Это не значит, что мудрецы из Милета или из других городов Малой Азии исключали необходимость искать за явлениями природы первоначальный принцип всего, некий невидимый задний план, нечто противостоящее естественному миру. Философы эти, казалось, готовы были потом вернуться к мифам, словно у них была ностальгия по возвышенному объяснению божественного происхождения Вселенной. Ведь и Фалес, и Пифагор, и Гераклит и многие другие, родившиеся или жившие в колониях на берегах Лидии, пытались отделить явления, свойственные природе и объясняемые особыми причинами, от мира мышления и религии, необходимого для сплочения всего здания, но не имеющего физической связи с ним.
Возможно, Кир и не заметил эту двойную революцию в греческой досократовской философии, ведь он был занят прежде всего политической организацией своей империи, а не умозрительными поисками теории познания. Великий царь, мечтавший о всемирной империи, был полностью поглощен поисками объединяющего принципа, не желая при этом прерывать связь между природой и божественными силами, связь, которую всегда признавала та цивилизация, к которой он принадлежал.

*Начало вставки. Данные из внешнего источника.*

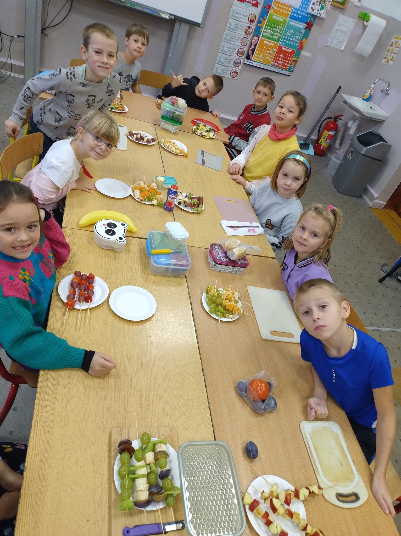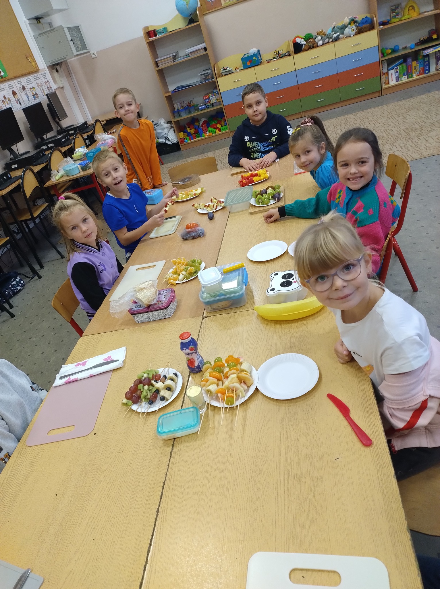 Światowy Dzień Owoców i Warzyw świętujemy 20 października dlatego tego dnia w ramach realizacji „Programu Dla Szkół” uczniowie klasy 1b wykonali śmieszne kanapki oraz owocowe szaszłyki.

Киру, с его политической миссией, была бы ближе идея организации греческого полиса, о которой мечтали такие философы, как Солон афинский. Они начали применять на практике свои идеи еще до того, как внушили их жителям городов Малой Азии. По существу, греческий полис позволял оторвать политический строй от организации космоса, что делало более человечной общественную систему и, следовательно, более доступной для рационального объяснения.

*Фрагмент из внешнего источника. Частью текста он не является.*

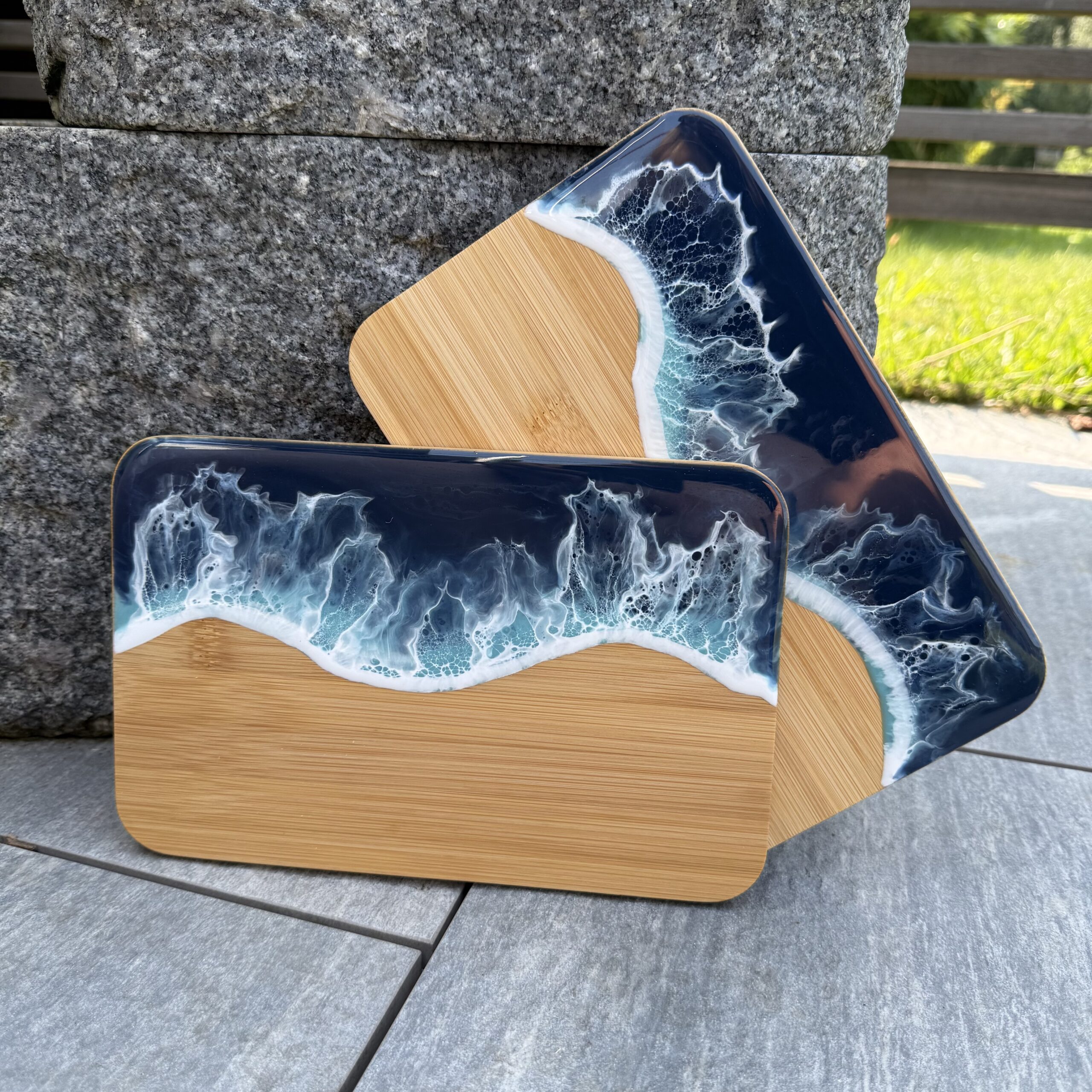Chaque pièce est unique et faite à la main, inspirée par les vagues de la mer. Les couleurs et les motifs peuvent varier, rendant chaque planche très spéciale. Idéal comme planche d'apéritif ou planche de décoration.

Тотальная империя, о которой мечтал Кир, в политическом плане очень походила на греческий полис. Но все же эти два проекта существенно различались. Кир представлял себе организацию мира вокруг просвещенного монарха как божественного орудия, действующего в соответствии с высшим принципом в отличие от греческой концепции, более связанной со временем и с человеческим фактором.
Такая встреча между полисом греков и всемирной империей Ахеменидов не состоялась ни при Кире, ни при его продолжателях, хотя они и захватили часть заселенной греками Европы. Роль человека виделась очень по-разному в этих двух политических системах: у греков она представлялась во всем своем величии, а у персов ее почти не замечали. Преклонение греков перед человеческой личностью намного опережало свое время по сравнению с восточными колебаниями и сомнениями в отношении роли индивидуума.

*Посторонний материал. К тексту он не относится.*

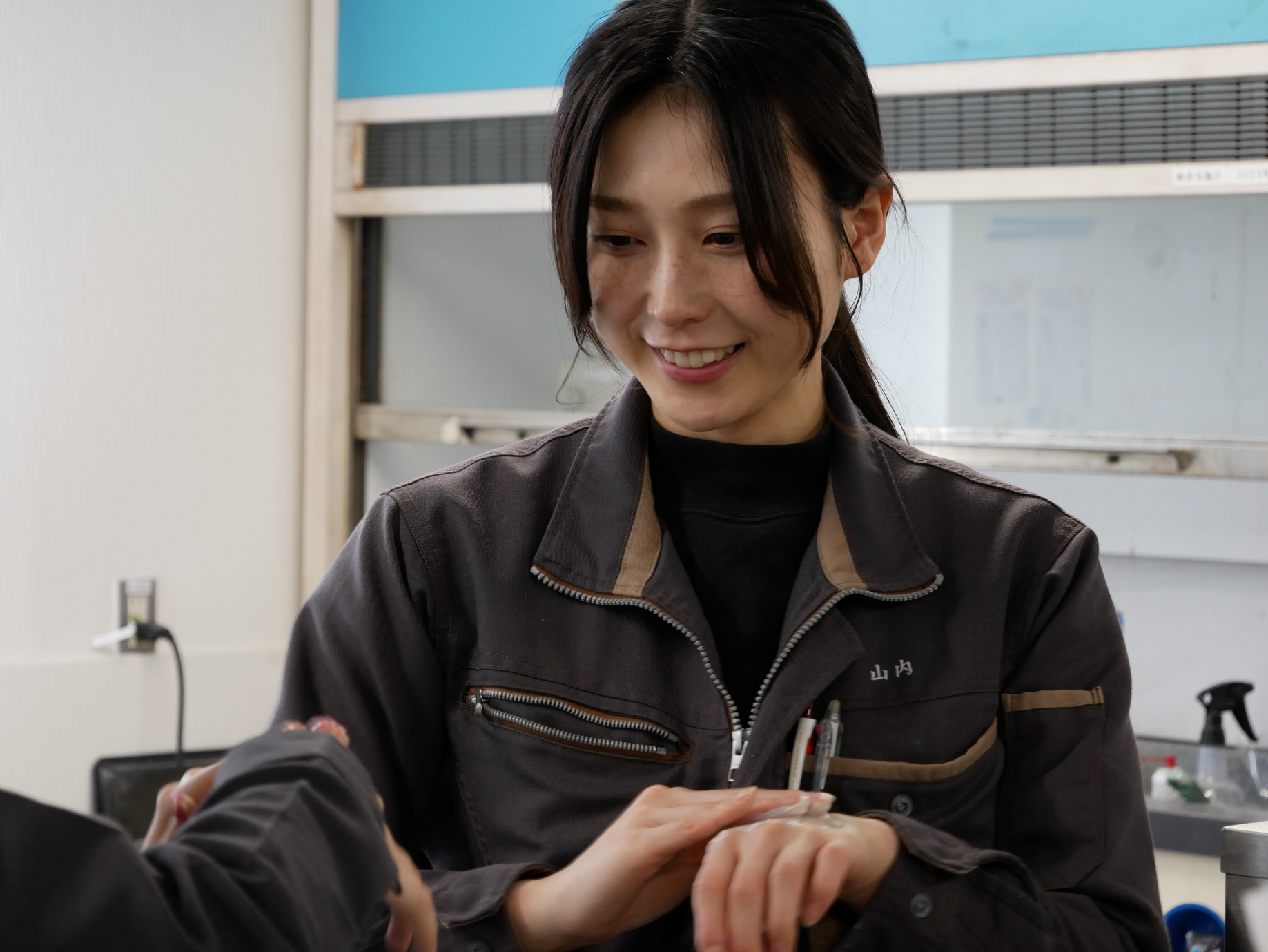 また、ニッチな分野でトップシェアな企業というところにも魅力を感じました。クニミネ工業にしか提供できない「モノ」がある。クニミネ工業という川上企業がないと、最高の川下商品が生まれない。世の中に必要不可欠なメーカーだと思います。

Зато ассиро-вавилонские религии, учение Заратуштры и даже верования древних евреев привели Восток VI века именно к тому уровню духовной озабоченности, от которой греки так хотели избавиться, в частности, предоставив природе большую и положительную роль, уделив главное свое внимание заботам политическим и социальным. Греки начали внедрять эту человечную философию, которую восточные люди и в особенности Кир, возможно, интуитивно почувствовали. Персы обладали ключами от религиозных знаний, необходимость приобретения которых греки ощущали, хотя и старались преодолеть их с помощью разума.
На европейском побережье и в сердце Азии, в самых отдаленных уголках восточного мира, испытывая на себе непонятное ему давление духовных и естественных сил, в этом удивительном VI веке человек начинает ощущать смутную тягу к освобождению и к новому политическому строю, выраженному в идее полиса и в идее всемирной империи, чувствуя предзнаменование собственной свободы, словно ожидая момента своего выхода на сцену. Но человек еще колеблется между бунтом и покорностью. Он, быть может, уже знает, что ему надо понять окружающий мир, как обещание освобождения.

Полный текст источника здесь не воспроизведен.